→ Problem to work on
From the data that follows, set down exactly the lines from the one with "Giddala Plus Tablet" through the one with "Balón s logom", counting both. Pictures stay out.

Top of Extracted material

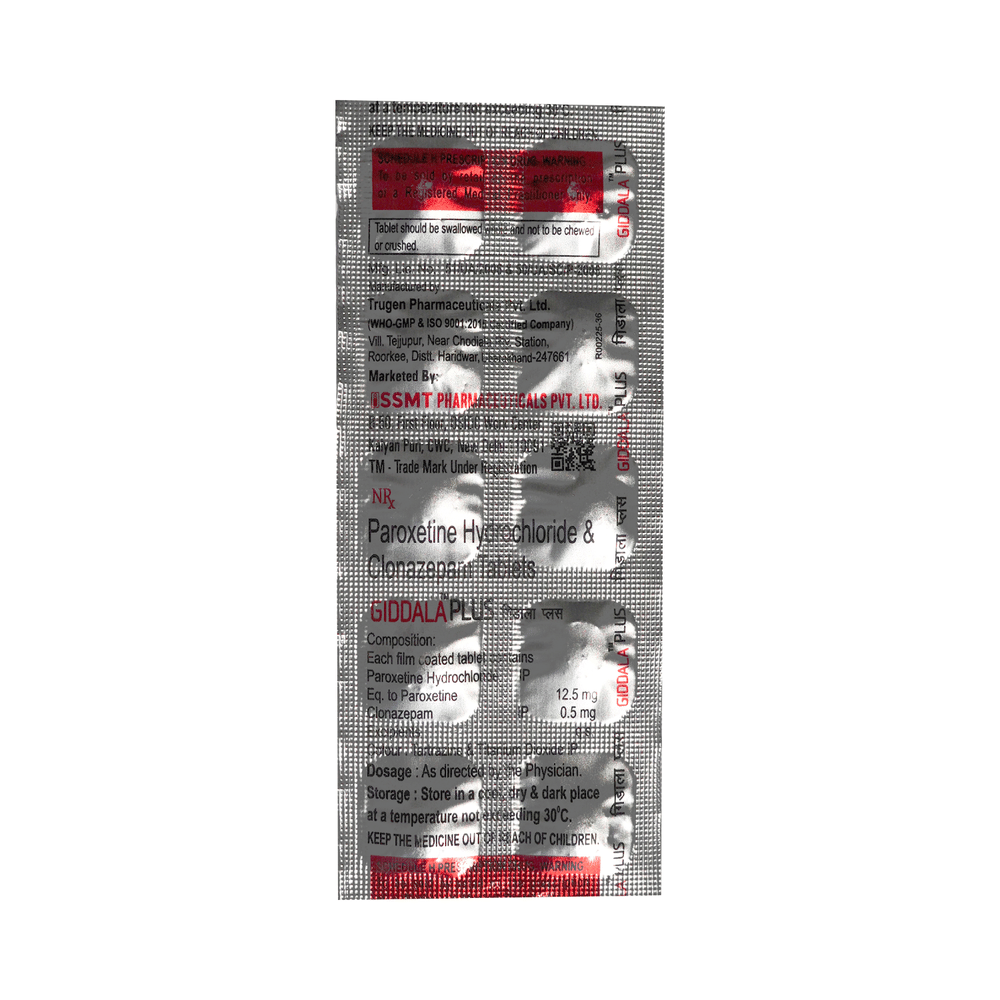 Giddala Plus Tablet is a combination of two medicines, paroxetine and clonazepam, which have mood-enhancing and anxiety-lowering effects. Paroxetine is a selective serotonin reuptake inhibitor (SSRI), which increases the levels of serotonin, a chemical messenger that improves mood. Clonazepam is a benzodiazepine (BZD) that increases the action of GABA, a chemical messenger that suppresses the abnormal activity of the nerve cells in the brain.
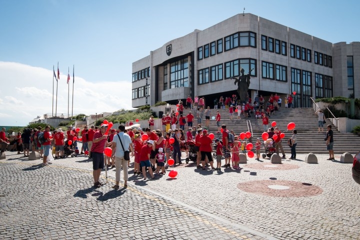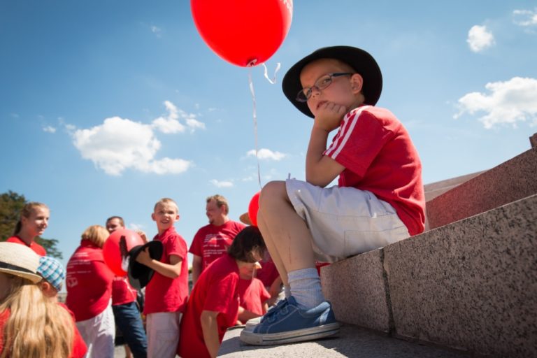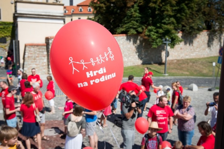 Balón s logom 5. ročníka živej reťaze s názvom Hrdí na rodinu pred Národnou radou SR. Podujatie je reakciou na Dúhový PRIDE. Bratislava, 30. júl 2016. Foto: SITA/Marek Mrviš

Bottom of Extracted material
Top of Extracted material

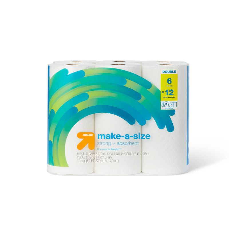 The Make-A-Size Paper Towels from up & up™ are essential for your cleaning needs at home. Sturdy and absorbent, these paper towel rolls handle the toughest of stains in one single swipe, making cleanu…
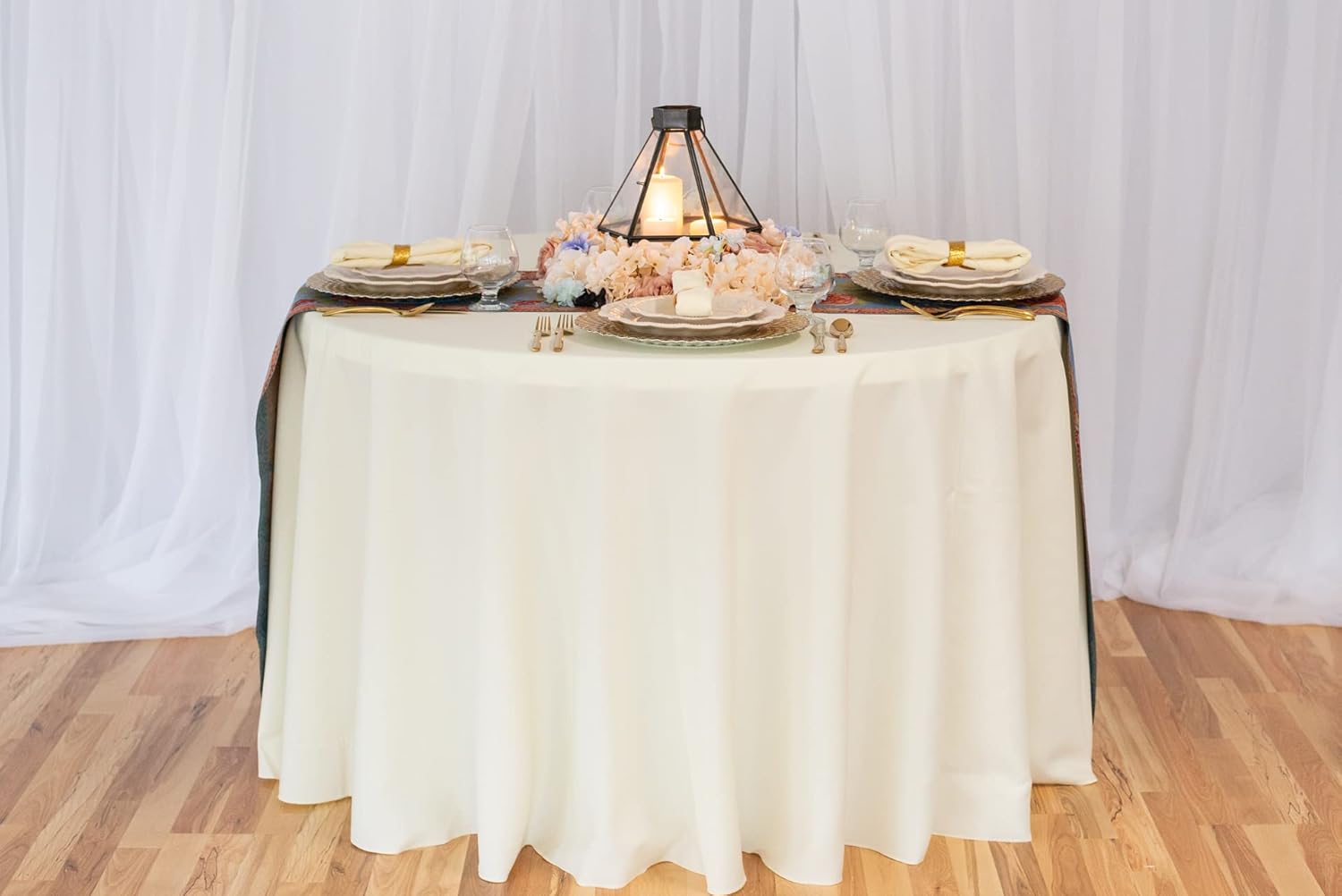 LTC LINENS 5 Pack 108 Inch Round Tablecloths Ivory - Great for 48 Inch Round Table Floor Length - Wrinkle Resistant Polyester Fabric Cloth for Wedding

Bottom of Extracted material

→ Written solution
 Giddala Plus Tablet is a combination of two medicines, paroxetine and clonazepam, which have mood-enhancing and anxiety-lowering effects. Paroxetine is a selective serotonin reuptake inhibitor (SSRI), which increases the levels of serotonin, a chemical messenger that improves mood. Clonazepam is a benzodiazepine (BZD) that increases the action of GABA, a chemical messenger that suppresses the abnormal activity of the nerve cells in the brain.
 Balón s logom 5. ročníka živej reťaze s názvom Hrdí na rodinu pred Národnou radou SR. Podujatie je reakciou na Dúhový PRIDE. Bratislava, 30. júl 2016. Foto: SITA/Marek Mrviš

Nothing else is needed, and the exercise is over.